The pathogenesis of schizophrenia is the participation of a variety of risk factors, and sex is an important factor.34,35 Our study showed that rs5326 was statistically different between cases and controls in males and rs4532 was statistically different between cases and controls in females by the χ2 test. Unfortunately, the impact of sex-specific mechanisms in schizophrenia is unclear, and needs further exploration in the future. In addition, there was another limitation in our study in that we did not analyze positive and negative symptoms or cognitive performance of the patients, owing to the lack of original information.

What can we learn from these results? First, the analysis of just one gene is far from enough, because DRD1 may result in schizophrenia by interacting with other dopaminergic-related genes, such as synthase genes, metabolic genes, transporter genes, and others. Additionally, other neurotransmitters are also involved in the pathogenesis of schizophrenia. We cannot definitively rule out a role for any of these genes in schizophrenia. Therefore, further studies should be focused on genome-wide SNP analysis and gene–gene interactions to determine their possible roles in the etiology of schizophrenia.

Second, multiethnic studies with large samples are essential. Many of the ORs for association are in a plausible range (1.10–1.23) for small susceptibility effects, but below what would produce significant P-values in smaller samples.36 The larger ORs in some previous reports may either be false positives or inflated estimates of genetic effects, while association studies of large samples provide more power. In the present study, we reported rs201089398 for the first time. With regard to the limited samples, the slightly lower frequency of this new locus might not reveal the potential association with schizophrenia in the Chinese Han population. Besides, our results demonstrated that the genotype frequencies of DRD1 are variable in different ethnic groups. Therefore, through multiethnic studies, it will likely be easier to find a genetic effect for susceptibility to schizophrenia.

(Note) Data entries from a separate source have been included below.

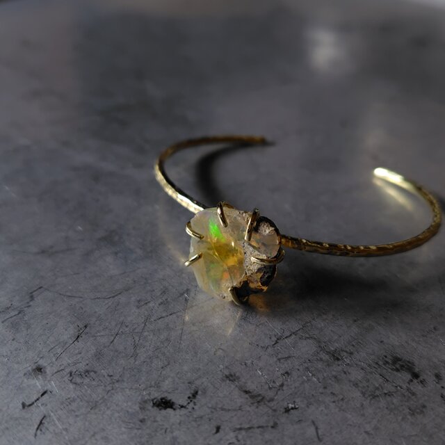 遊色がふんわりやさしく浮かぶエチオピアオパールの原石を真鍮バングルに仕立てました。
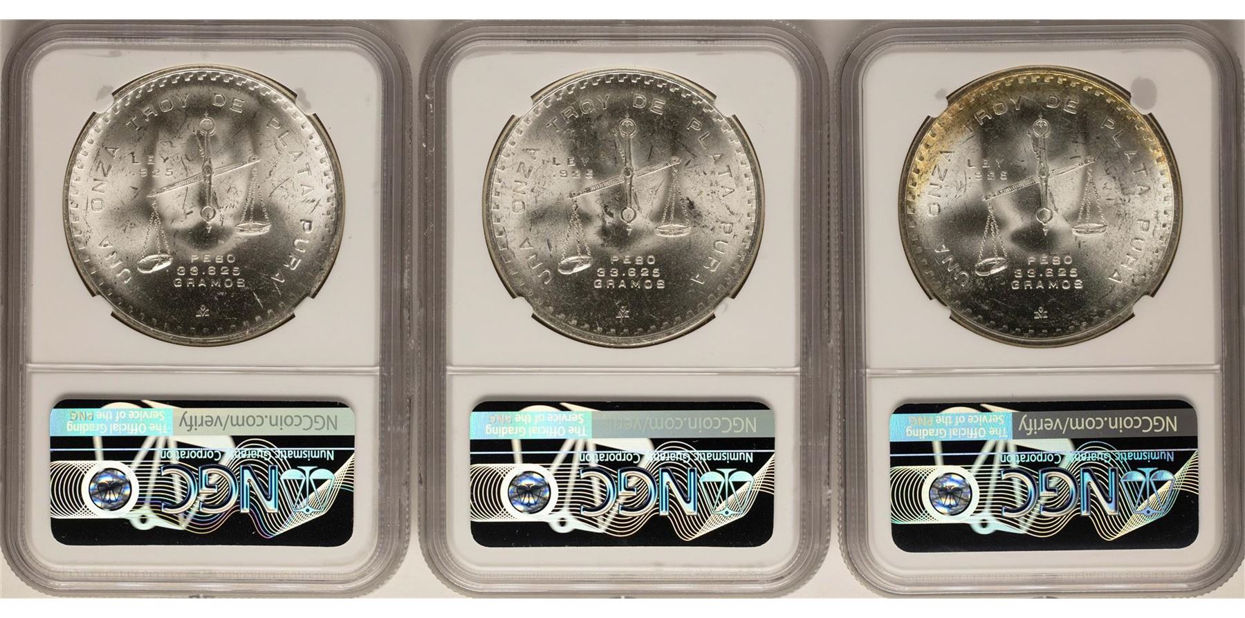 One Lot of (3) 1980Mo Mexico 1 Onza Silver Coins NGC MS64. NGC Certified.
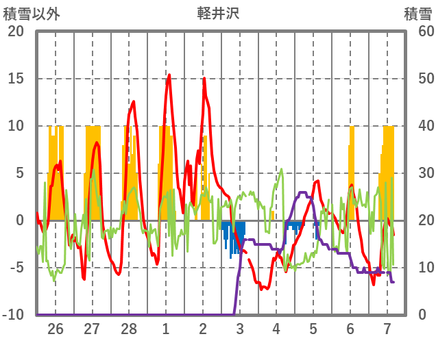 | 日 | 時 | 気温 | 降水 | 風向/風速 | 日照 | 積雪 | 降雪 |
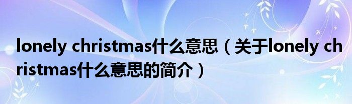 大家好,lonely christmas什么意思,關于lonely christmas什么意思的簡介很多人還不知道,現在讓我們一起來看看吧!
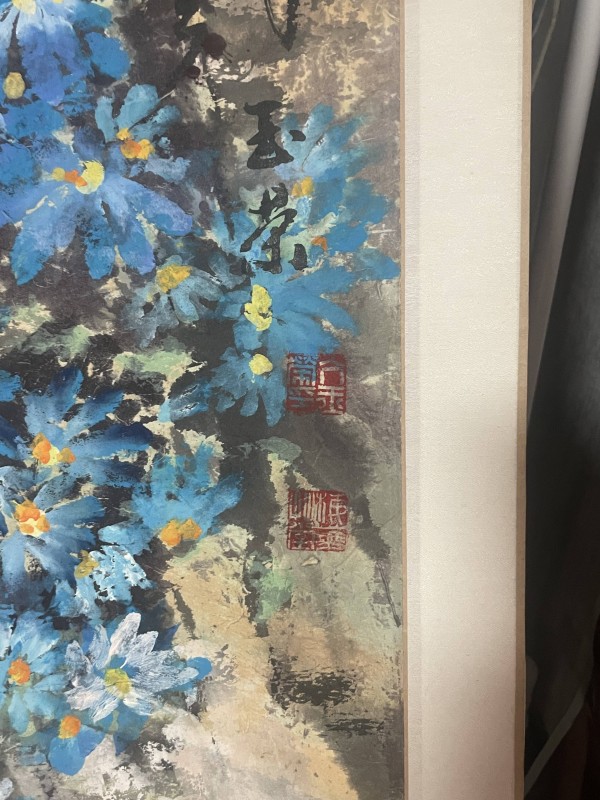 亢玉荣的作品常常蕴含着对生活的热爱和对自然的赞美。在这幅作品中,蓝色花朵象征着纯净与美好,或许传达了画家对宁静、美好世界的向往。同时,她的创作也体现了中国传统绘画中借物抒情的特点,通过对花卉的描绘,抒发内心的情感和对生命的感悟。
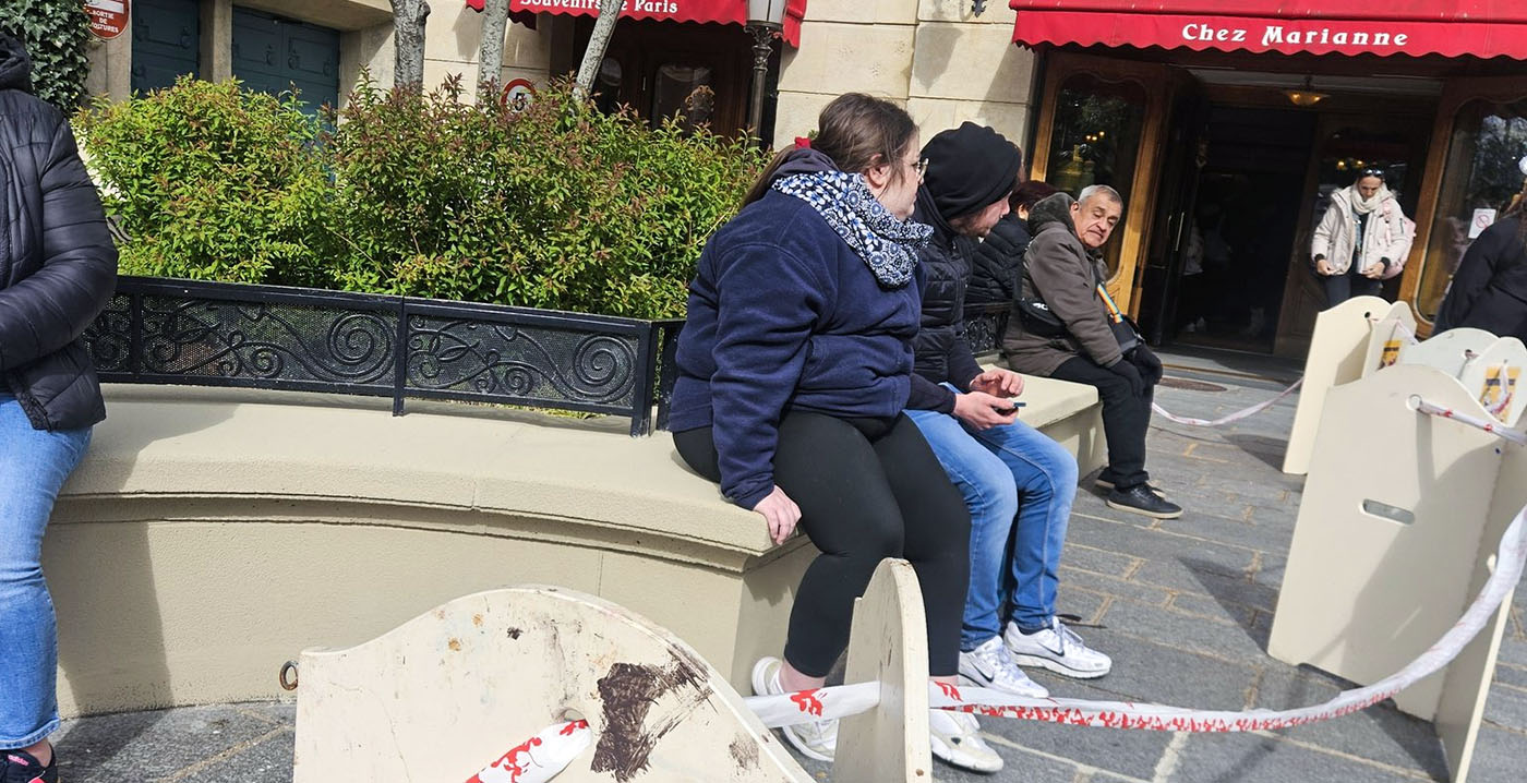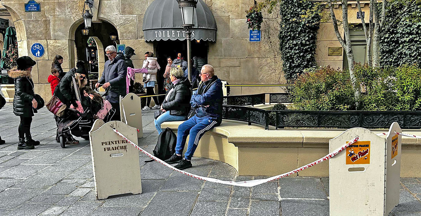 Er werd geverfd op het plein bij de attractie Ratatouille, voor souvenirwinkel Chez Marianne. Disney-medewerkers hadden de muurtjes afgesloten met linten en klapborden waarop in twee talen - Engels en Frans - werd gewaarschuwd voor natte verf, met de termen "wet paint" en "peinture fraiche".

Third, genetic heterogeneity is a significant challenge in the study of schizophrenia,37 and family-based studies could overcome this problem effectively.38 Our results need to be clarified through analysis of extensive family studies. Additionally, paranoid schizophrenia, as a subtype of schizophrenia, includes positive and negative symptoms, which show different clinical manifestations. Unfortunately, due to the limited data, we did not do a more detailed analysis. Overall, the shortcomings of our study could partially inform future researchers.

In summary, although our study did not find a genetic association between DRD1 and paranoid schizophrenia, its possible role in the risk of schizophrenia cannot be definitively excluded. Further and larger studies are necessary to evaluate the effect of DRD1 polymorphisms on the etiology of schizophrenia, and our data may provide a reference.